### Information supplied
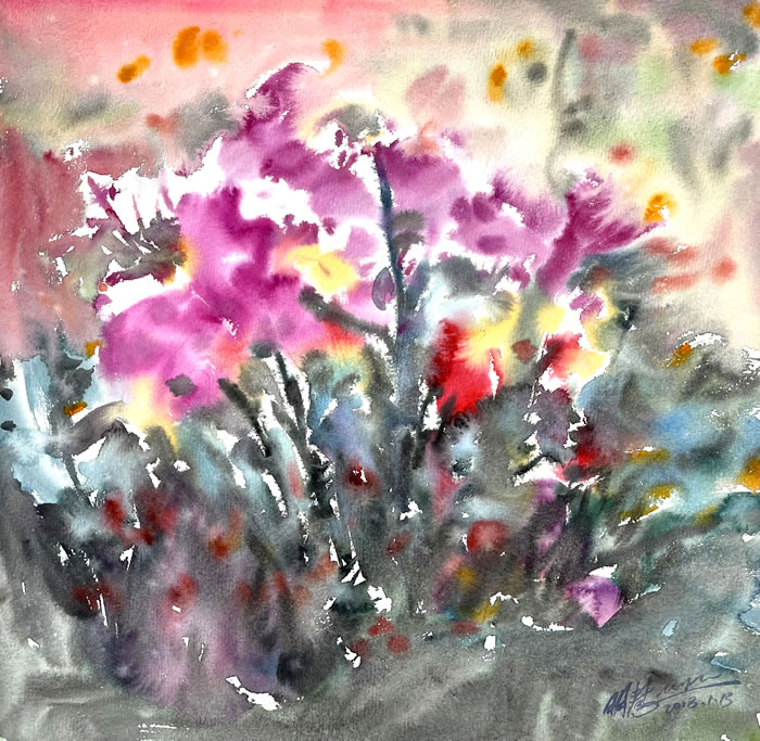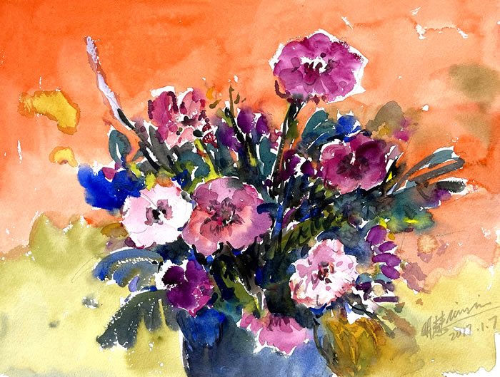 花兒與生俱來的美麗和個(gè)性,只有用心去觀察去感悟才能真正發(fā)現(xiàn)它們內(nèi)在的美麗和神奇。 在大學(xué)一年級學(xué)習(xí)《裝飾花卉》課程的時(shí)候我對花兒就有了一知半解的認(rèn)知。早年的水粉畫、水彩畫靜物寫生作品花兒又是我比較喜歡多用的素材。隨著對花兒的喜好和認(rèn)知的提高,從2006年開始我創(chuàng)作了一批干花兒系列作品,2013年以后花卉創(chuàng)作基本上成為我繪畫的重要題材。
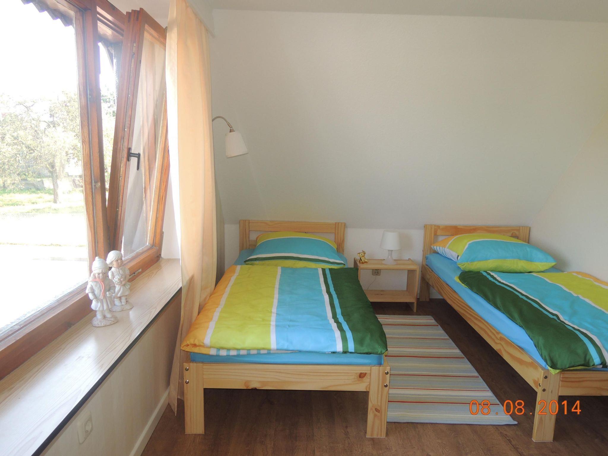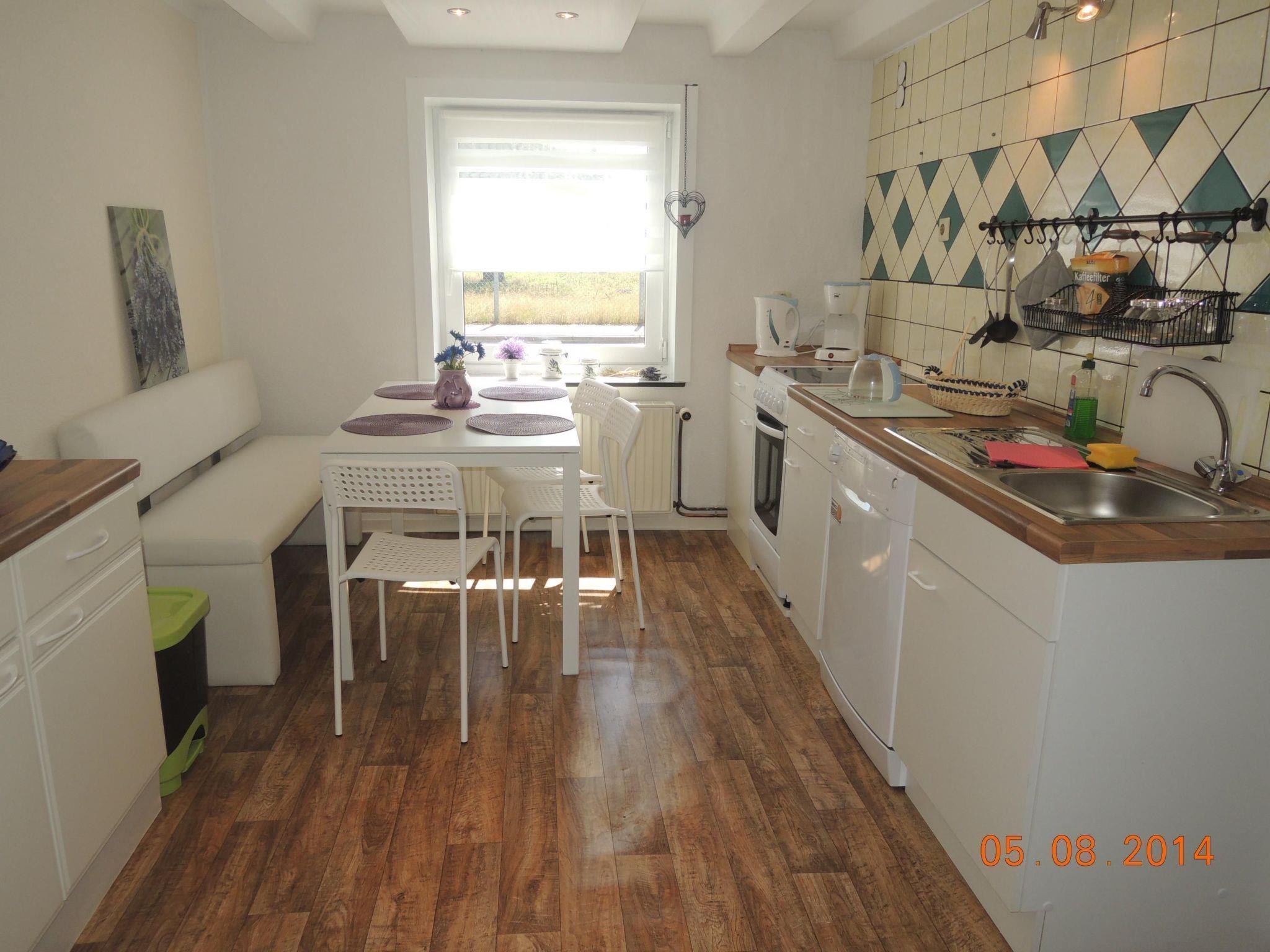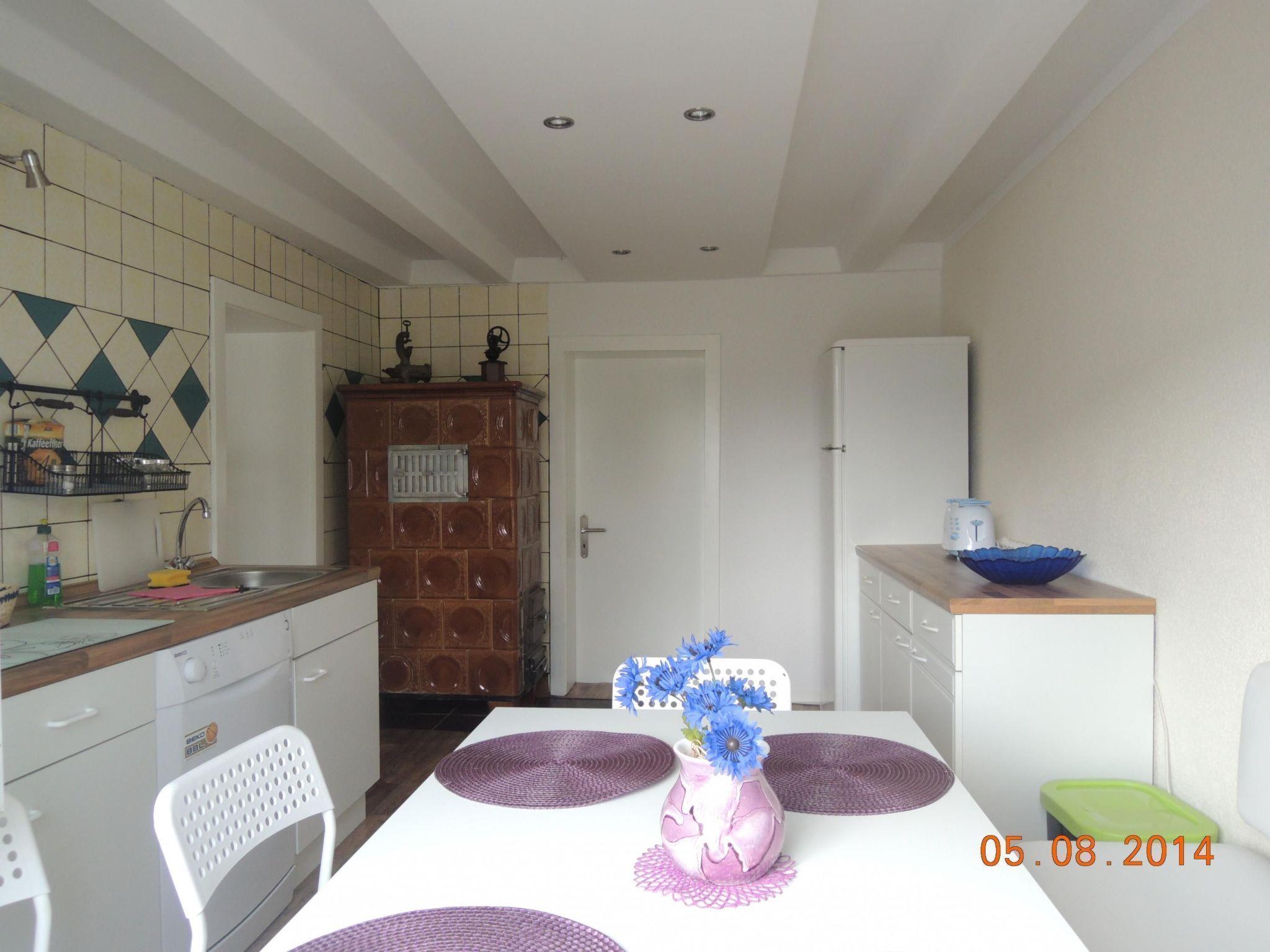 This house is a newly renovated, charmingly decorated holiday house with 120m² of living space, providing ample space for up to six people. The house has three bedrooms. The first is furnished with a double bed (180 x 200cm), the second has two single beds (90 x 200cm). These two bedrooms are on the upper floor. The third bedroom is on the ground floor and has a double bed (180 x 200cm). You can also make yourselves comfortable in the cosy living room on the ground floor with sofas, a tiled fireplace stove and satellite TV. The kitchen is fully-equipped and provides all the basics, along with a dishwasher, microwave and toaster.
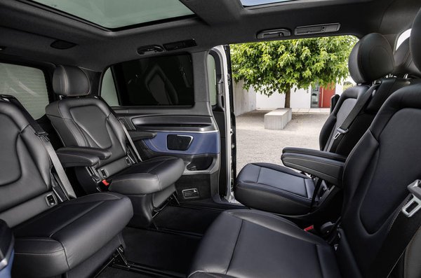 Pontosan ugyanúgy néz ki mint egy V osztály, de még a méretei is teljesen azonosak. Belül sem gondolták túl, viszont megkapta a Mercedes jelenlegi legmodernebb fedélzeti számítógépét és a kötelező tableteket. Ugyanúgy két méretben vásárolhatjuk meg: alap és hosszított padlólemezzel (ezt eleinte csak az Egyesült Királyságban forgalmazzák majd). Ennek függvényében variálható a berendezés is, hattól nyolc ülésig alakítható bárhogyan. Szembe forgatható és sínen mozgathatóak a hátsó ülések, amik alatt az emelt padlóba bújtatott 90 kilowattórás akkumulátorok etetik a 3,5 tonnás kisbuszt.
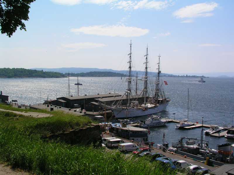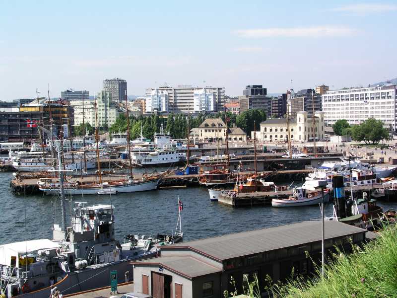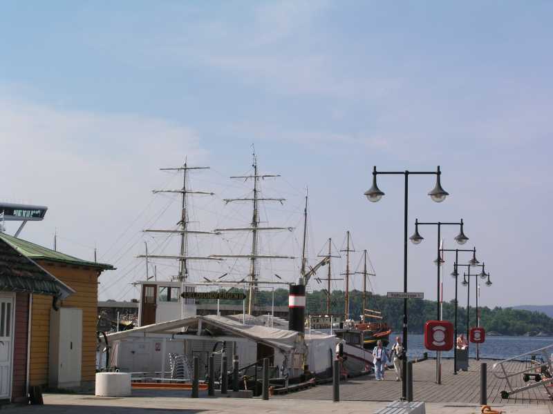 We reached the harbour in Oslo and found it to be very busy with sailing ships, ferries and many people going about their business.

### Task objective
Repeat the line containing "This house is" and every line after it up to the end of the material above, exactly as they stand, minus the pictures.

### Task response
 This house is a newly renovated, charmingly decorated holiday house with 120m² of living space, providing ample space for up to six people. The house has three bedrooms. The first is furnished with a double bed (180 x 200cm), the second has two single beds (90 x 200cm). These two bedrooms are on the upper floor. The third bedroom is on the ground floor and has a double bed (180 x 200cm). You can also make yourselves comfortable in the cosy living room on the ground floor with sofas, a tiled fireplace stove and satellite TV. The kitchen is fully-equipped and provides all the basics, along with a dishwasher, microwave and toaster.
 Pontosan ugyanúgy néz ki mint egy V osztály, de még a méretei is teljesen azonosak. Belül sem gondolták túl, viszont megkapta a Mercedes jelenlegi legmodernebb fedélzeti számítógépét és a kötelező tableteket. Ugyanúgy két méretben vásárolhatjuk meg: alap és hosszított padlólemezzel (ezt eleinte csak az Egyesült Királyságban forgalmazzák majd). Ennek függvényében variálható a berendezés is, hattól nyolc ülésig alakítható bárhogyan. Szembe forgatható és sínen mozgathatóak a hátsó ülések, amik alatt az emelt padlóba bújtatott 90 kilowattórás akkumulátorok etetik a 3,5 tonnás kisbuszt.
 We reached the harbour in Oslo and found it to be very busy with sailing ships, ferries and many people going about their business.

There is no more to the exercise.